Le coma de Malcolm avait évolué pendant la nuit. Stade 1 Glascow 10. Il n'était plus sous respiration artificielle. Son visage semblait plus rose. Mais le médecin nous a dit qu'il fallait rester prudents. Le traumatisme crânien était sévère. Il n'allait pas se réveiller tout de suite. Nous devions rester patients. Puis le médecin nous a demandé si on avait des nouvelles de l'enquête. Ce mot m'a surpris. L'enquête ? Des nouvelles pour retrouver celui qui avait renversé notre fils et qui avait pris la fuite. Andrew a dit que la police n'avait qu'une plaque incomplète. Alors il allait falloir ne pas les lâcher, a dit le médecin. Délit de fuite sur mineur, avec des blessures pareilles, ça pouvait aller chercher loin. Le type en prendrait pour son grade. Si on le retrouvait… Il y en avait qu'on ne retrouvait jamais. Andrew m'a dit qu'il passerait la matinée avec Malcolm. Il s'était organisé avec son bureau.

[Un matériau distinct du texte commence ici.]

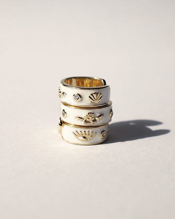 The exclusive Three of Luck ring is designed to symbolize happiness and wholeness in life. The ring contains 3 positive symbols: 🐚 Shell : the symbol of Venus, the God of Beauty and Prosperity👼 Cupid : the God of Love, Fulfillment, Kindness and Good wishes🧿 Evil eye : a symbol of warding off bad things and negativities. Preventing them from entering your life again-Made of 925 Sterling Silver with 14k gold plated \t-Skin friendly Jewelry, Nickel free, safe for sensitive skin. -Adorned with 2 pieces of 2 mm White Zircon Gems-Ivory white enameled-Can be resized (49-56 size EU)-Designed by Thai Designers and made by Thai Craftsmans.-Beautiful Jewelry paper box (Jewelry care card included) ***Meaningful Gifts Wrapping Service (Gift Wrapping , Silver Polishing Cloth , Greeting Card)https://th.pinkoi.com/product/xwtCdhc5--------------------------------------------------------------------------------------------------------------Estimated Delivery: 3-10 working days-Returns and Refunds Policy -We are able to accept return/refund requests if:◾️ The wrong item(s) was delivered to you;◾️ A damaged/defective item(s) was delivered to you; or◾️ You did not receive your item(s).We wish to highlight that we are unable to accommodate requests for cancellation, refund, exchange of products due to customer’s change of mind once the payment is accepted.Return RequirementsPlease contact us within 7 days of receipt of the item with your order number and details about the product you would like to return.Do ensure that your item(s) fulfils the conditions below:◾️ The item(s) must be in new, unused, unaltered and unworn condition◾️ The item(s) must be in its original state and packaging with the original product tags attached (including manuals, warranty cards, certificate of authenticity) and free gifts received with it (if any)Returns/ refunds will only be processed once the item(s) has been received and checked by us. Should the returned item not meet the above requirements, we reserve the right to reject the return and any request for a refund.

Ce n'était pas la peine qu'on soit tous les deux à son chevet. Je n'avais qu'à rentrer travailler, finir cette traduction si importante. Mais je me sentais privée de mon fils. J'avais besoin de sa présence, aussi. Je suis restée un peu avec lui, avec Andrew. Une infirmière est passée vérifier les sondes, les poches de liquide. Elle était discrète, souriante. Je lui ai dit : « Comment on va faire pour la verrue de mon fils ? » Elle m'a regardée, étonnée. Andrew s'est redressé, les yeux ronds. J'ai senti le rouge me monter aux joues. J'ai bredouillé : « Mais oui, sa verrue, Malcolm a une verrue plantaire, il faut la gratter tous les soirs avec une petite lame, et mettre un produit spécial dessus. Il a attrapé ça à la piscine, c'est long comme traitement. » L'infirmière a murmuré quelque chose que je n'ai pas saisi. Puis elle est sortie rapidement. Andrew me regardait avec exaspération. Comme toujours, quand il était énervé, sa langue maternelle reprenait le dessus. Sait-on seulement à quel point la langue anglaise peut-être cinglante ?
— For God's sake, Justine. How pathetic can you get !
J'ai levé la main, j'ai montré notre fils, j'ai chuchoté qu'il ne fallait pas qu'on s'engueule devant lui. Andrew s'est tu. Au bout de quelques minutes, je suis partie. Je ne supportais plus ni l'immobilité de mon fils, ni l'agacement de mon mari. Je suis rentrée.
Devant l'ordinateur, les mots que je devais traduire n'avaient plus aucun sens. Ni en anglais, ni en français. J'ai arrêté de les contempler au bout d'un moment. J'ai pris le téléphone et j'ai appelé le commissariat où Andrew et moi étions allés hier. On m'a passée de service en service. Puis j'ai enfin reconnu la voix un peu traînante du flic aux yeux clairs.
— Ah ! oui, le délit de fuite sur mineur. Le mari anglais.
J'ai dit :
— Avez-vous des nouvelles, s'il vous plaît ?
Claquement d'un briquet à l'autre bout du fil. J'ai presque entendu ses épaules se hausser.
— Ça va être long, vous savez. Une plaque incomplète… c'est long. Puis on est débordés ici. Y a pas que vous, madame.
J'ai senti l'exaspération, l'impuissance monter en moi.
— Mais vous n'avez pas d'ordinateurs, des logiciels, je ne sais pas, moi, une façon ou une autre de retrouver cette foutue plaque ?
Longue bouffée de tabac.
— Vous n'êtes pas dans une série américaine, madame. Ça ne se passe pas comme ça, ici.
— Alors ça se passe comment ? Vous faites comment ?
Ma voix devenait stridente, elle raclait ma gorge.
— On a en effet un fichier informatisé qui s'appelle le STIC. Toutes les cartes grises y sont enregistrées. Mais ce n'est pas automatique. Il faut tout vérifier, les numéros, la marque de la voiture. Page par page. C'est pour ça que c'est long, madame.
J'ai failli raccrocher. J'avais envie de pleurer. Je n'ai rien dit, recroquevillée devant le téléphone, le ventre noué, les mains tremblantes.